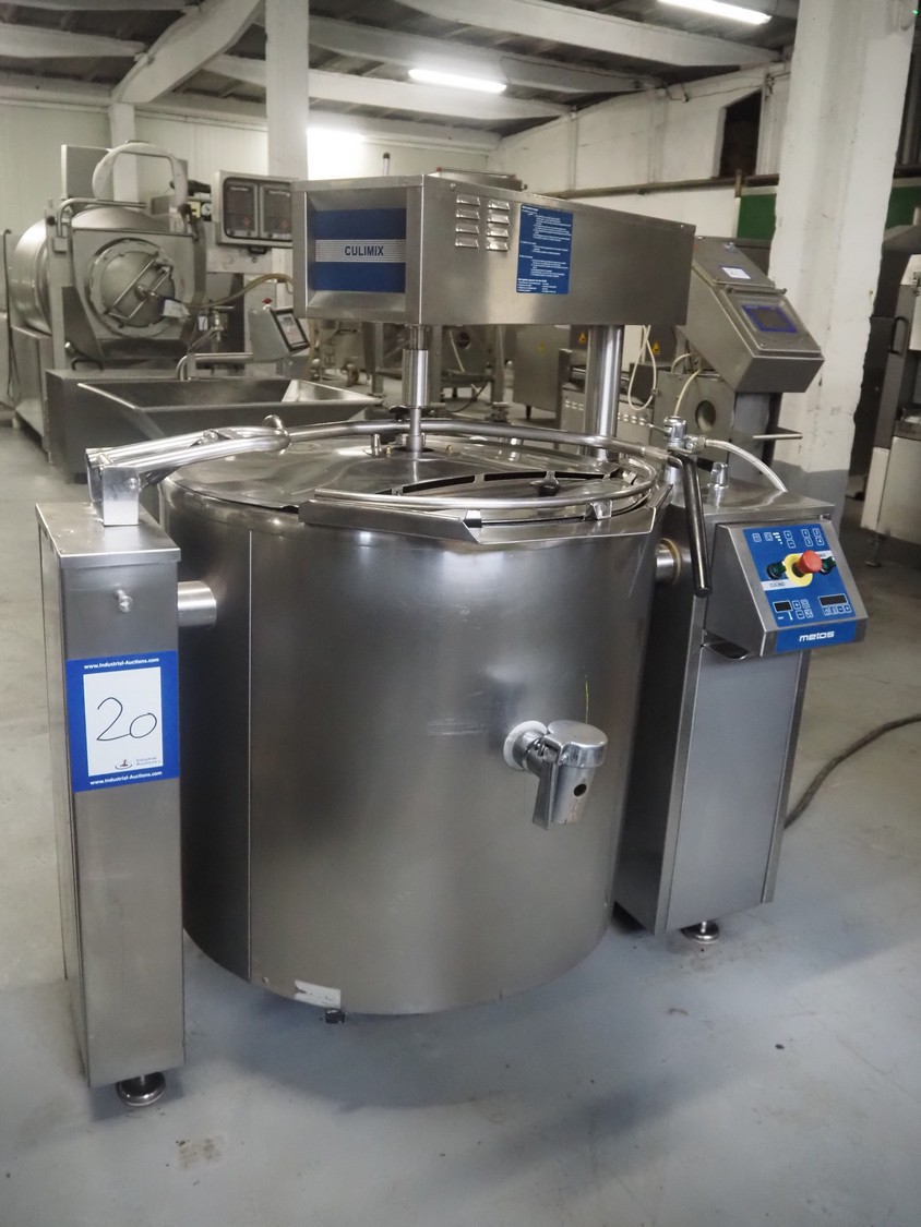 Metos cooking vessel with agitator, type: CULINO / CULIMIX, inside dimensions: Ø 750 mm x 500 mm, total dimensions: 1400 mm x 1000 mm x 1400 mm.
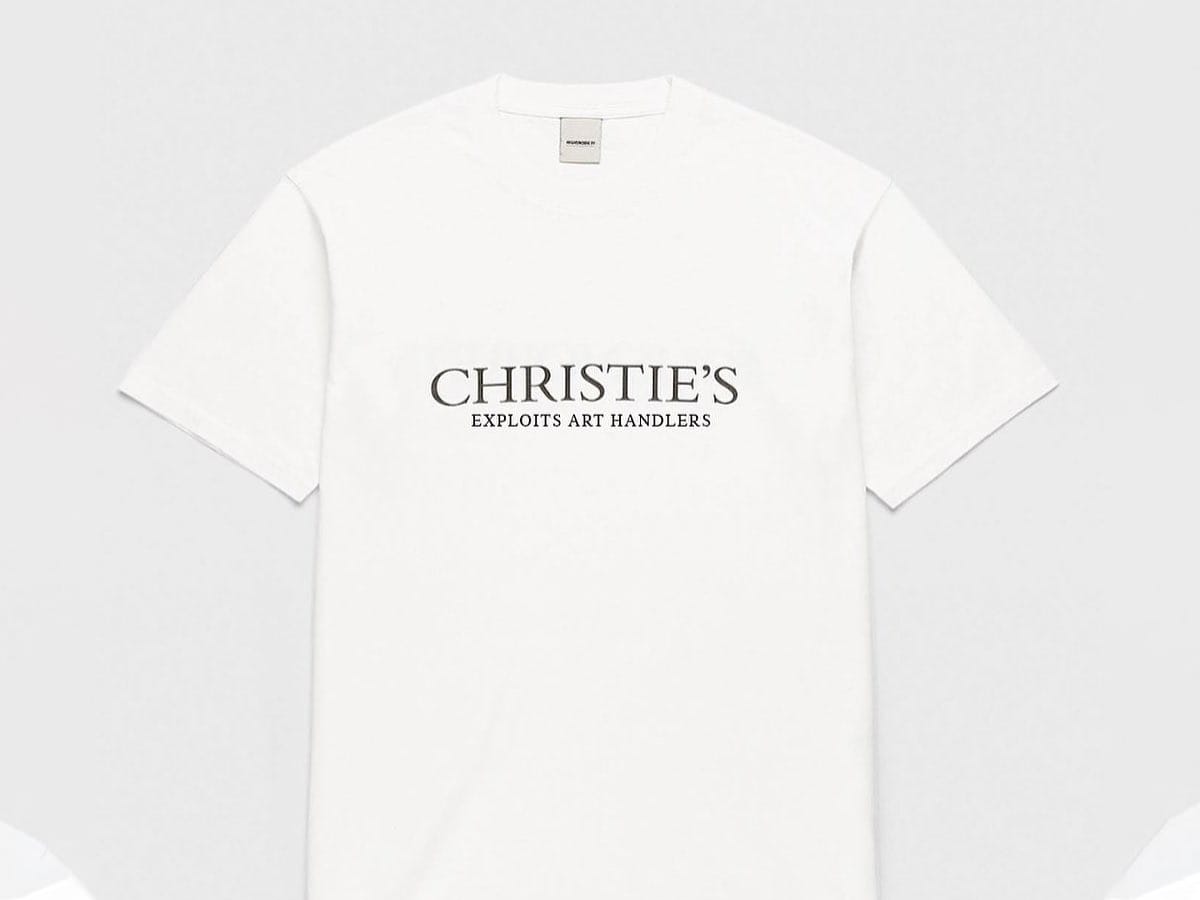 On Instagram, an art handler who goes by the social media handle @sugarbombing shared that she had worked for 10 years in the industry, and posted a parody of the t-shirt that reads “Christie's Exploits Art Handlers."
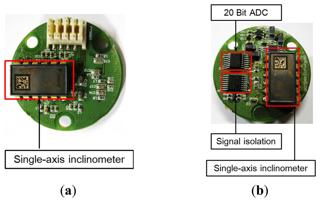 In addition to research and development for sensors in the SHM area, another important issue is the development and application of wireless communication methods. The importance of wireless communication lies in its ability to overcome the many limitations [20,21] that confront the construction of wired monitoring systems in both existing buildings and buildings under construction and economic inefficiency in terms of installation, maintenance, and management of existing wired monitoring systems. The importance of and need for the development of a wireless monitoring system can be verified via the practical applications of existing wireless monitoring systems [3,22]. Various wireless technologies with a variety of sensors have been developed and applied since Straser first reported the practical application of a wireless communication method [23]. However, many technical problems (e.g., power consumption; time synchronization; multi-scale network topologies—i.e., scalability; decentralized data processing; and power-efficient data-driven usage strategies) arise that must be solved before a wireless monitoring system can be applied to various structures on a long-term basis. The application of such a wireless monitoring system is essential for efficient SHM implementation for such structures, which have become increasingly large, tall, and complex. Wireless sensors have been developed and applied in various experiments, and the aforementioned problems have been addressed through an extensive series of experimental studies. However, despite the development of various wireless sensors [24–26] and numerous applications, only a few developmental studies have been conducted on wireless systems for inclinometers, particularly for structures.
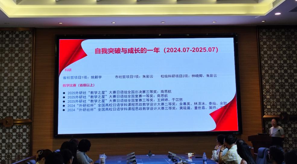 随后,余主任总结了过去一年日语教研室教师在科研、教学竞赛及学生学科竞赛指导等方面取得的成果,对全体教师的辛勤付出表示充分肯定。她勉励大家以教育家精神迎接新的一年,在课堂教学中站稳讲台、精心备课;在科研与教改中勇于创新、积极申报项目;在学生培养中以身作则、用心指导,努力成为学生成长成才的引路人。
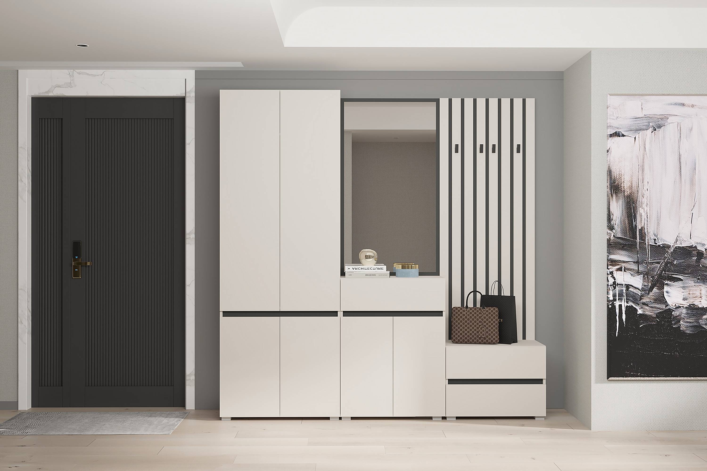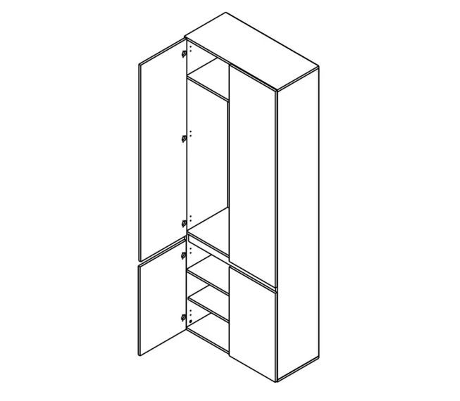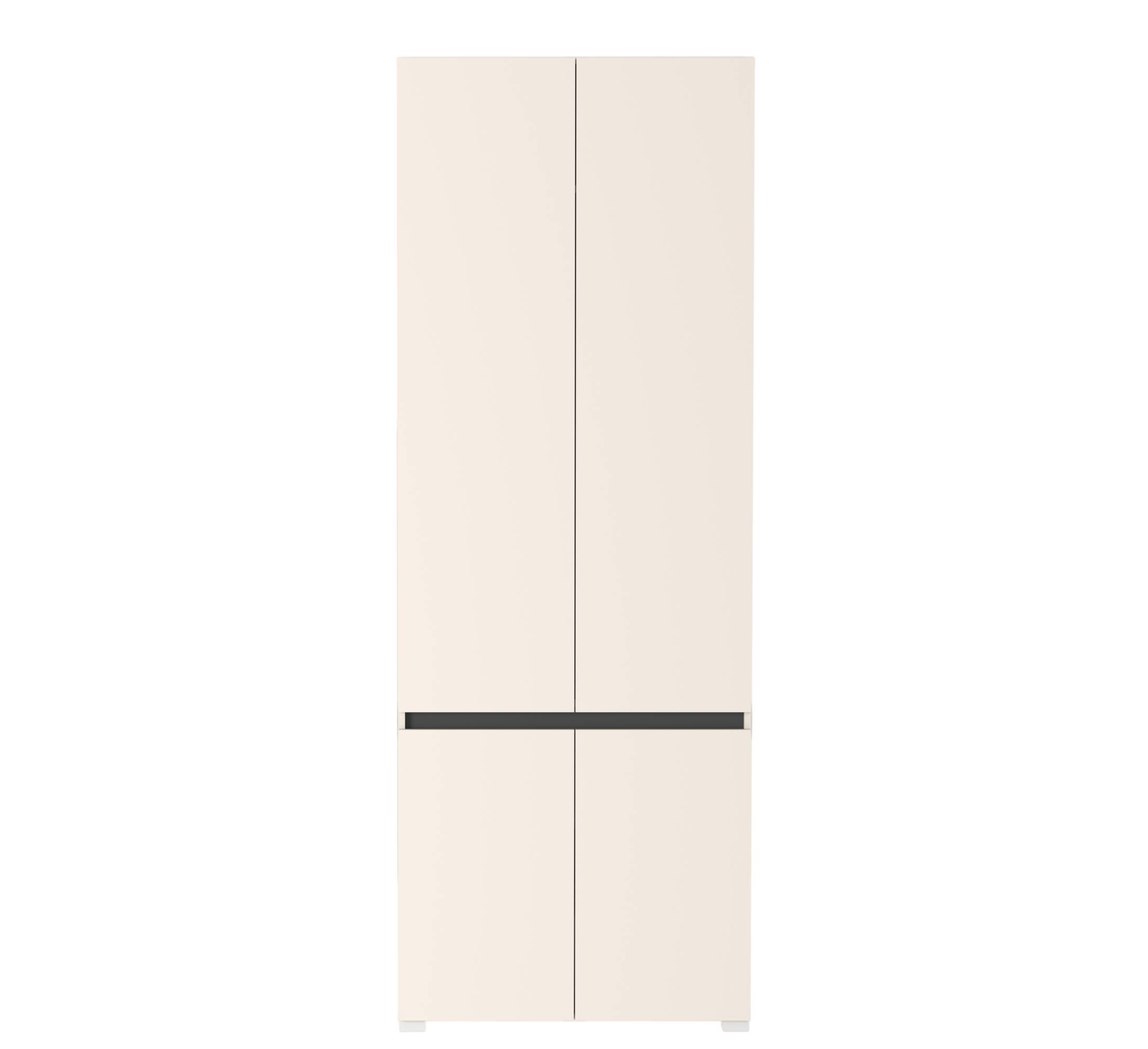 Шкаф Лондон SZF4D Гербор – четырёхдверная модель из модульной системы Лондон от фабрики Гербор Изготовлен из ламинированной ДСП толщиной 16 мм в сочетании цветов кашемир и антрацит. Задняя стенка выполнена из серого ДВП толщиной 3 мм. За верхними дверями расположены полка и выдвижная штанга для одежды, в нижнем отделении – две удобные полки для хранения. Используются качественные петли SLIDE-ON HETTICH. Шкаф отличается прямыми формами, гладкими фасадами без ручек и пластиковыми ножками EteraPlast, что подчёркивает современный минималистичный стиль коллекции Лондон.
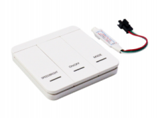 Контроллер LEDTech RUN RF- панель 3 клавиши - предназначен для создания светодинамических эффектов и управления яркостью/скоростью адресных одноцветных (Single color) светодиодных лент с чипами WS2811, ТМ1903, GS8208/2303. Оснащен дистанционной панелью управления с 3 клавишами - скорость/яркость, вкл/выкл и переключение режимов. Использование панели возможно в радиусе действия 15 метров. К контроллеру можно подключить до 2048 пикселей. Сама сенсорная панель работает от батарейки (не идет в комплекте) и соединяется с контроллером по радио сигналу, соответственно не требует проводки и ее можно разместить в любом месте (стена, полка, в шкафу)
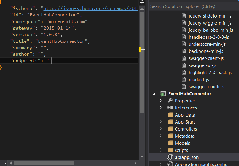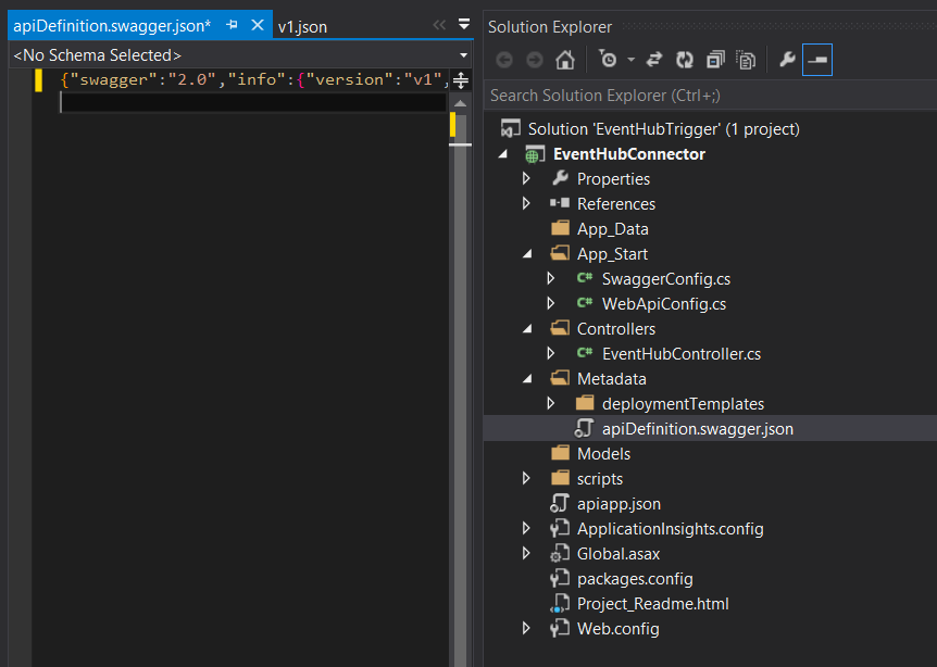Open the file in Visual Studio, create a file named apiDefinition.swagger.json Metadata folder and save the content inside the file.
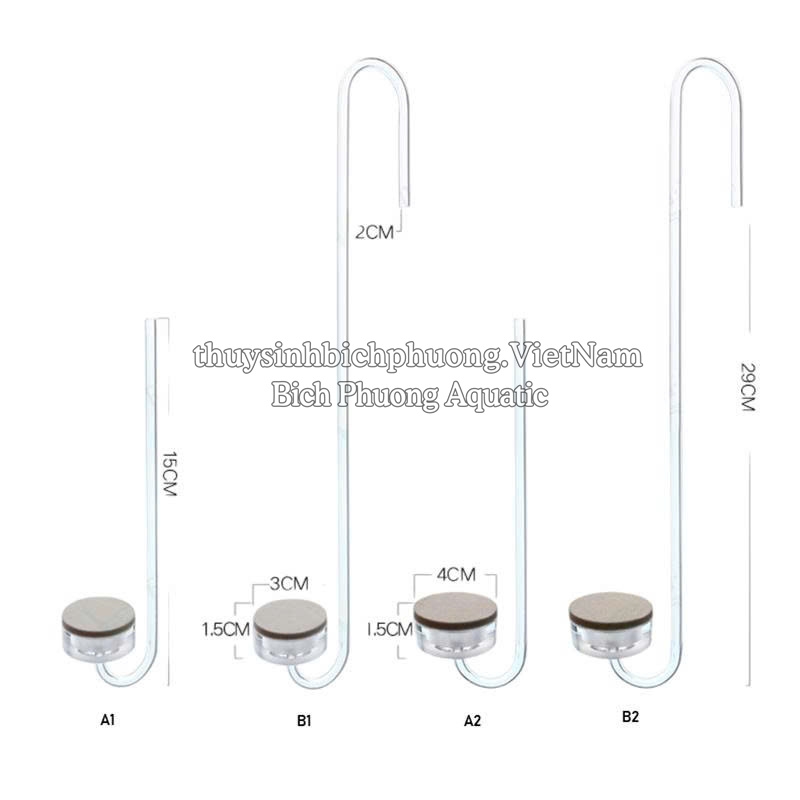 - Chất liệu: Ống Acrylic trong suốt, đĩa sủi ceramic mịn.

**Your assignment**: Before copying the data, remove the pictures. Then repeat the rest exactly.

**Exercise answer**:
 Metos cooking vessel with agitator, type: CULINO / CULIMIX, inside dimensions: Ø 750 mm x 500 mm, total dimensions: 1400 mm x 1000 mm x 1400 mm.
 On Instagram, an art handler who goes by the social media handle @sugarbombing shared that she had worked for 10 years in the industry, and posted a parody of the t-shirt that reads “Christie's Exploits Art Handlers."
 In addition to research and development for sensors in the SHM area, another important issue is the development and application of wireless communication methods. The importance of wireless communication lies in its ability to overcome the many limitations [20,21] that confront the construction of wired monitoring systems in both existing buildings and buildings under construction and economic inefficiency in terms of installation, maintenance, and management of existing wired monitoring systems. The importance of and need for the development of a wireless monitoring system can be verified via the practical applications of existing wireless monitoring systems [3,22]. Various wireless technologies with a variety of sensors have been developed and applied since Straser first reported the practical application of a wireless communication method [23]. However, many technical problems (e.g., power consumption; time synchronization; multi-scale network topologies—i.e., scalability; decentralized data processing; and power-efficient data-driven usage strategies) arise that must be solved before a wireless monitoring system can be applied to various structures on a long-term basis. The application of such a wireless monitoring system is essential for efficient SHM implementation for such structures, which have become increasingly large, tall, and complex. Wireless sensors have been developed and applied in various experiments, and the aforementioned problems have been addressed through an extensive series of experimental studies. However, despite the development of various wireless sensors [24–26] and numerous applications, only a few developmental studies have been conducted on wireless systems for inclinometers, particularly for structures.
 随后,余主任总结了过去一年日语教研室教师在科研、教学竞赛及学生学科竞赛指导等方面取得的成果,对全体教师的辛勤付出表示充分肯定。她勉励大家以教育家精神迎接新的一年,在课堂教学中站稳讲台、精心备课;在科研与教改中勇于创新、积极申报项目;在学生培养中以身作则、用心指导,努力成为学生成长成才的引路人。
 Шкаф Лондон SZF4D Гербор – четырёхдверная модель из модульной системы Лондон от фабрики Гербор Изготовлен из ламинированной ДСП толщиной 16 мм в сочетании цветов кашемир и антрацит. Задняя стенка выполнена из серого ДВП толщиной 3 мм. За верхними дверями расположены полка и выдвижная штанга для одежды, в нижнем отделении – две удобные полки для хранения. Используются качественные петли SLIDE-ON HETTICH. Шкаф отличается прямыми формами, гладкими фасадами без ручек и пластиковыми ножками EteraPlast, что подчёркивает современный минималистичный стиль коллекции Лондон.
 Контроллер LEDTech RUN RF- панель 3 клавиши - предназначен для создания светодинамических эффектов и управления яркостью/скоростью адресных одноцветных (Single color) светодиодных лент с чипами WS2811, ТМ1903, GS8208/2303. Оснащен дистанционной панелью управления с 3 клавишами - скорость/яркость, вкл/выкл и переключение режимов. Использование панели возможно в радиусе действия 15 метров. К контроллеру можно подключить до 2048 пикселей. Сама сенсорная панель работает от батарейки (не идет в комплекте) и соединяется с контроллером по радио сигналу, соответственно не требует проводки и ее можно разместить в любом месте (стена, полка, в шкафу)
Open the file in Visual Studio, create a file named apiDefinition.swagger.json Metadata folder and save the content inside the file.
 - Chất liệu: Ống Acrylic trong suốt, đĩa sủi ceramic mịn.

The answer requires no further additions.